A Cargill logo is pictured on the Provimi Kliba and Protector animal nutrition factory in Lucens, Switzerland, September 22, 2016.
The world's largest agricultural commodities trader has agreed to sell its Cargill Protein China operations to private equity firm DCP Capital, a company spokesperson said, without disclosing terms. The deal is expected to close in 2023, subject to regulatory approval.
The sale comes as meatpackers like Cargill struggle with thinning margins, and inflation that's eroding demand. Relatively high grain prices are also boosting the cost of feeding animals, all challenges new Cargill's Chief Executive Officer Brian Sikes will have to tackle.
Poultry farming in China is struggling to make a profit with consumer demand weaker than expected as the country recovers from Covid and animal feed costs staying elevated. Broiler chicken farmers still can't make any money by raising birds, according to the latest government data.
The deal includes all Protein China entities in Chuzhou in Anhui province, which have both farm locations and manufacturing sites. It also comes less than a year year after the Minneapolis-based trader closed on its $4.5-billion takeover of US chicken producer Sanderson Farms Inc., in partnership with Continental Grain Co.

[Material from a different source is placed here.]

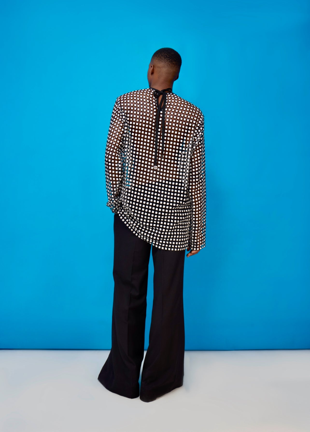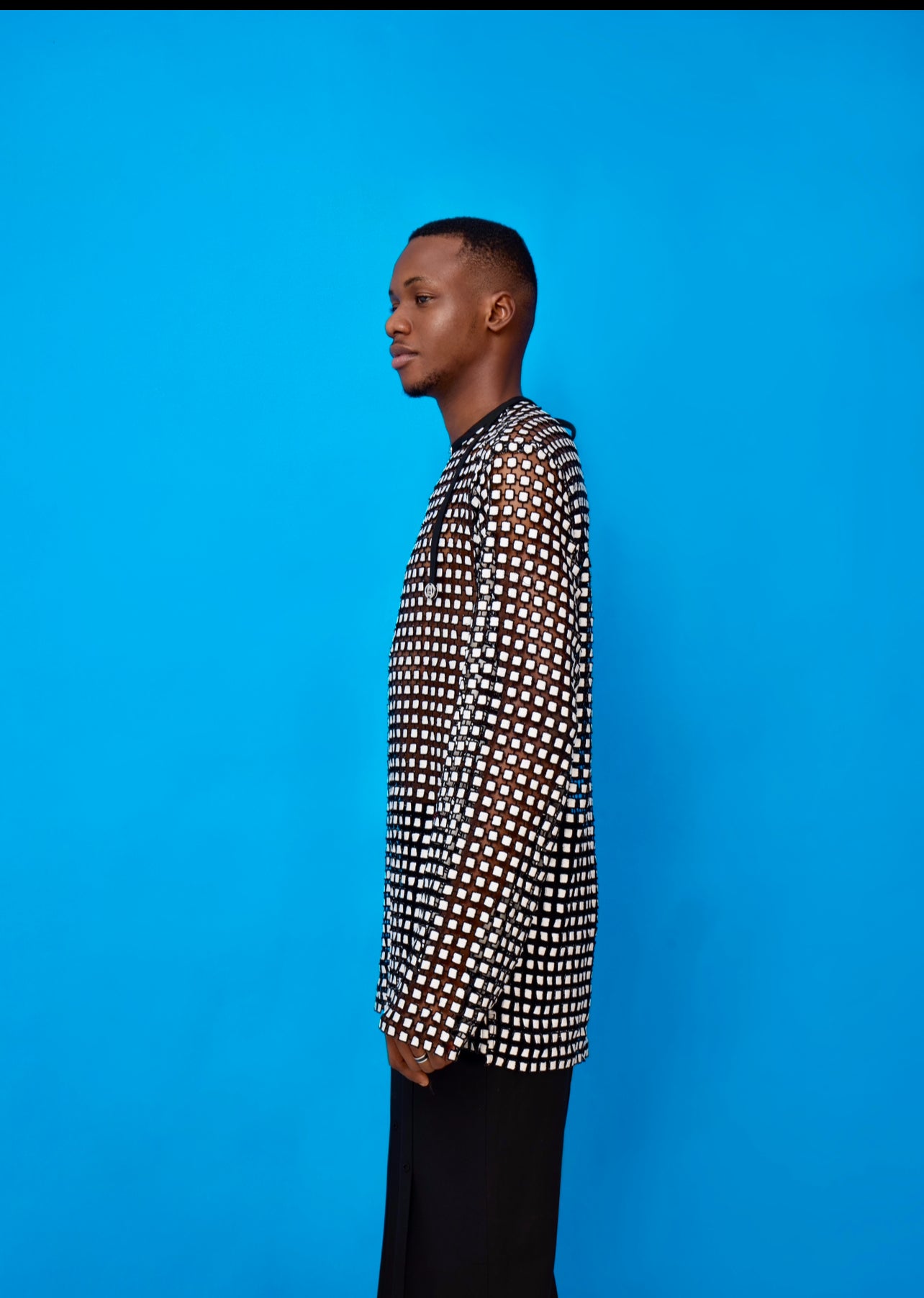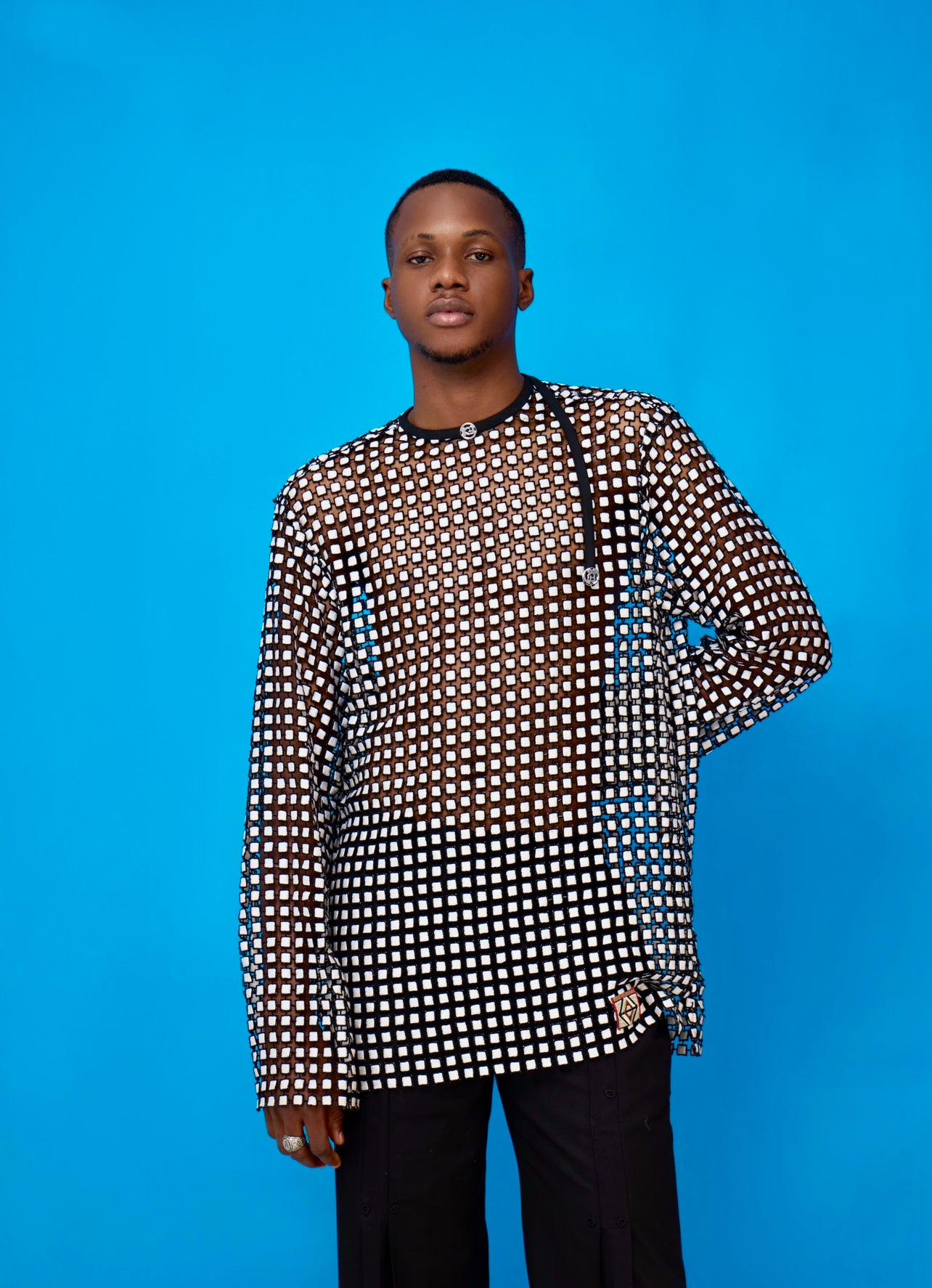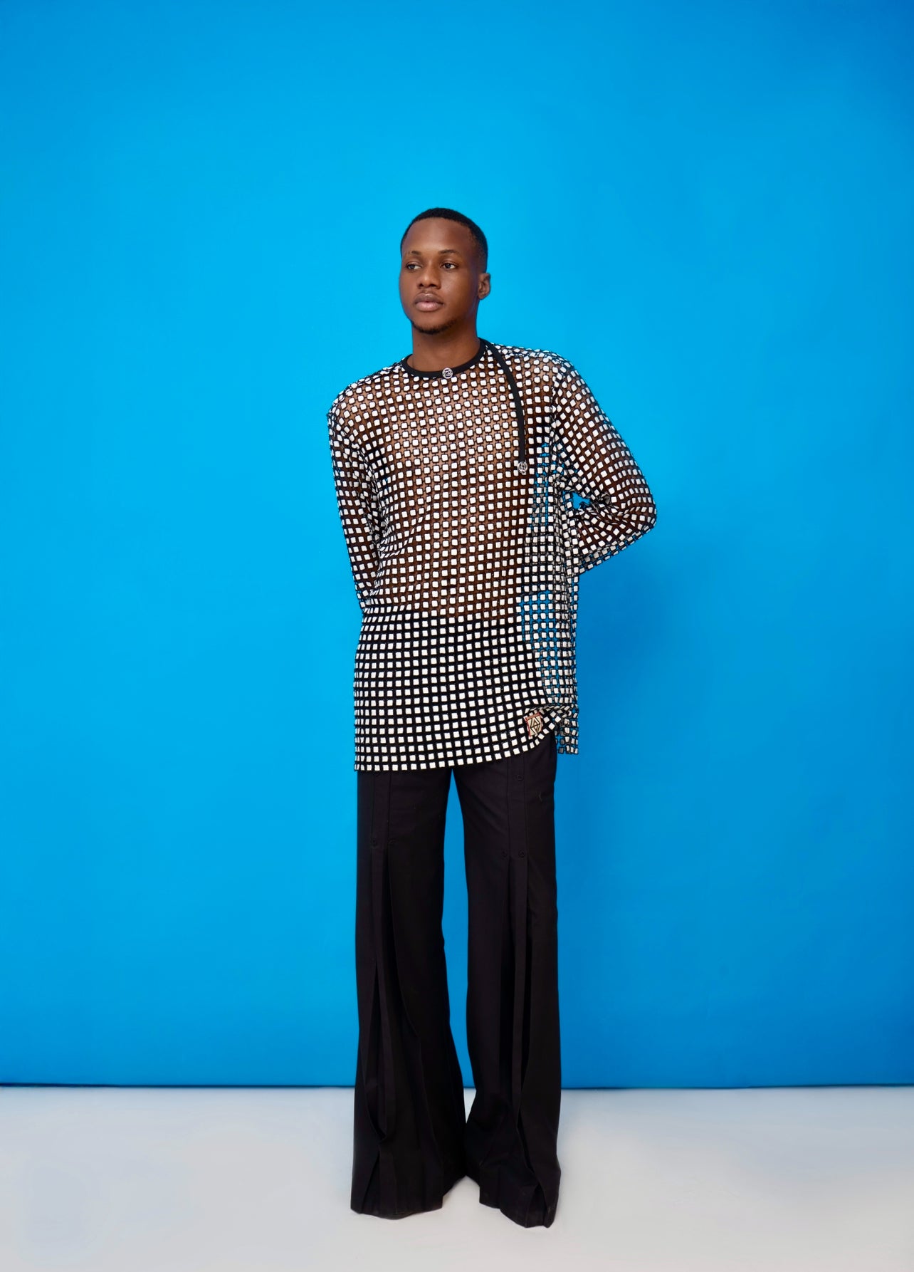 OSMOSIS 14reflects the seamless blending of cultures, ideas, and aesthetics. Made from premium quality cord lace and fine quality cotton suiting for the Japanese inspired trousers. .

DCP Capital, led by former partners of KKR & Co., has invested in companies including China Mengniu Dairy Co. and COFCO Joycome Foods Ltd., according to its website. David Liu, DCP's executive chairman, was involved in KKR's $400 million investment in chicken meat producer Fujian Sunner Development Co. in 2015 when he was chief executive officer for China at the global buyout firm.
Broiler Chickens
Cargill's plants in Anhui have an annual output of nearly 65 million broiler chickens and also include feed production, hatching, breeding and processing facilities. They were built in 2011 to satisfy rising consumer demand "for safe and high quality protein products," according to the company's website.
The company also launched plant-based meat products under the brand PlantEver in 2020, made by its operations in Anhui.
Cargill, owned by descendants of the founding Cargill and MacMillan families, is America's largest private company. It's the C in the so-called ABCDs, a group of four merchants that have dominated the world of crop trading. The others are Archer-Daniels-Midland Co., Bunge Ltd. and Louis Dreyfus Co.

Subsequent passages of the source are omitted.